● **INSTRUCTIONS FOR THE TASK**:
Please find every line in the entries below that contains the string "para", and copy it.

● **SUPPLIED RECORDS**:
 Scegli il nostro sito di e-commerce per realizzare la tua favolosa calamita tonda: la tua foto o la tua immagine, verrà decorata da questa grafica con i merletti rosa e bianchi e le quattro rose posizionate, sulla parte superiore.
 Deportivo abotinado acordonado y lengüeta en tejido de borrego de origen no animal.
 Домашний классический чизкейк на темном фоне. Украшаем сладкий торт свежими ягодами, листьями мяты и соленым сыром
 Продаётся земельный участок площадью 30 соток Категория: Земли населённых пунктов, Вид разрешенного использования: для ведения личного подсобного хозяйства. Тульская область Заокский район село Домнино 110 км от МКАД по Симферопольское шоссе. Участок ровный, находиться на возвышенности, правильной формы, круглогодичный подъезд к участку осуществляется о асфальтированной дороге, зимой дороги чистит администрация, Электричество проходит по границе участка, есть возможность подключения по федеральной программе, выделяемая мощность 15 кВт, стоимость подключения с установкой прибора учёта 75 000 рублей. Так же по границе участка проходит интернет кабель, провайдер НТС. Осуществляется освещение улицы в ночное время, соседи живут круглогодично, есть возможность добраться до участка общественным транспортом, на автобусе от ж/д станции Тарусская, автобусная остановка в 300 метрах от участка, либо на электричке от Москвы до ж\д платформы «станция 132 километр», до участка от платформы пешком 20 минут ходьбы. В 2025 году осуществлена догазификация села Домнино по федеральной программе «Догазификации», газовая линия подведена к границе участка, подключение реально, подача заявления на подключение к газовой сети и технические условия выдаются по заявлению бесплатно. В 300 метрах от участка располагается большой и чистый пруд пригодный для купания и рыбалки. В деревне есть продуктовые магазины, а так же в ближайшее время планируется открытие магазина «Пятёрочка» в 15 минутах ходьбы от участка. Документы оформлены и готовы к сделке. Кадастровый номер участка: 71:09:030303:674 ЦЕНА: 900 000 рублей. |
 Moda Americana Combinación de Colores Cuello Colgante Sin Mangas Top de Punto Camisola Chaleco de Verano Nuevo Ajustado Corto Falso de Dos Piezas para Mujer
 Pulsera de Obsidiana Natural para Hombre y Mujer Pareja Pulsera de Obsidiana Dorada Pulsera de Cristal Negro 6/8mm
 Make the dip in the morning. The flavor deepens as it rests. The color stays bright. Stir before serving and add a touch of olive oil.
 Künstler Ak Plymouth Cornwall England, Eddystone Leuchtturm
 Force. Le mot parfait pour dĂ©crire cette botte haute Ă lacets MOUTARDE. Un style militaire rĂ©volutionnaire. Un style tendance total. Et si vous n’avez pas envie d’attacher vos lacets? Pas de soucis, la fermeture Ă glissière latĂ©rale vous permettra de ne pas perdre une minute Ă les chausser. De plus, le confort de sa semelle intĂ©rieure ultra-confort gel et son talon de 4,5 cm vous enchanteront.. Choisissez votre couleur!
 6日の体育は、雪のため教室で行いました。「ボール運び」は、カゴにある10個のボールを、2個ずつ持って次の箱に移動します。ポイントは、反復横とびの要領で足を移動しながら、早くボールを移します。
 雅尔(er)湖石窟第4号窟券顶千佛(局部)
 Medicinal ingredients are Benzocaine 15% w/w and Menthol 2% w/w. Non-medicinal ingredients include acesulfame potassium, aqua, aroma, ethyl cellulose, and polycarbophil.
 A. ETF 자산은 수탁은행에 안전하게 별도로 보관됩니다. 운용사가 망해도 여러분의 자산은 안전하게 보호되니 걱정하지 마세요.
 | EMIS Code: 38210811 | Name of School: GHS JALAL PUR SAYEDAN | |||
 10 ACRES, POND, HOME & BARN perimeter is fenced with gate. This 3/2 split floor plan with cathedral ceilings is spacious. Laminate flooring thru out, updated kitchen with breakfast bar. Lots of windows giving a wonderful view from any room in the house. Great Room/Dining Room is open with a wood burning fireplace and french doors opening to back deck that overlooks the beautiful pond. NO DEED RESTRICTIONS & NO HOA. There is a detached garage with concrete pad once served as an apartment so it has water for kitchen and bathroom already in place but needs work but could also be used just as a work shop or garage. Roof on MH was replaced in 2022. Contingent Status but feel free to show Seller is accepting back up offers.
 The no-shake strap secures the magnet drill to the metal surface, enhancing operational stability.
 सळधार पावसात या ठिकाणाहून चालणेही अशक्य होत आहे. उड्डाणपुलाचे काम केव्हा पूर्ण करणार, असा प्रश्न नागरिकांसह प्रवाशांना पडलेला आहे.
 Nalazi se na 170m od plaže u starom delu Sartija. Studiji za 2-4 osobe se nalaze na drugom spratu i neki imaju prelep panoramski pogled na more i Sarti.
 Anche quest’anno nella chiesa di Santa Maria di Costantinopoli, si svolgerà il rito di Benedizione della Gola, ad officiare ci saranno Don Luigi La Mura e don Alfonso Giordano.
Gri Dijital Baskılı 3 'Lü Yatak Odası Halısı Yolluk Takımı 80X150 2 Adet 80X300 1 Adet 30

● **RESPONSE FOR THIS EXERCISE**:
 Moda Americana Combinación de Colores Cuello Colgante Sin Mangas Top de Punto Camisola Chaleco de Verano Nuevo Ajustado Corto Falso de Dos Piezas para Mujer
 Pulsera de Obsidiana Natural para Hombre y Mujer Pareja Pulsera de Obsidiana Dorada Pulsera de Cristal Negro 6/8mm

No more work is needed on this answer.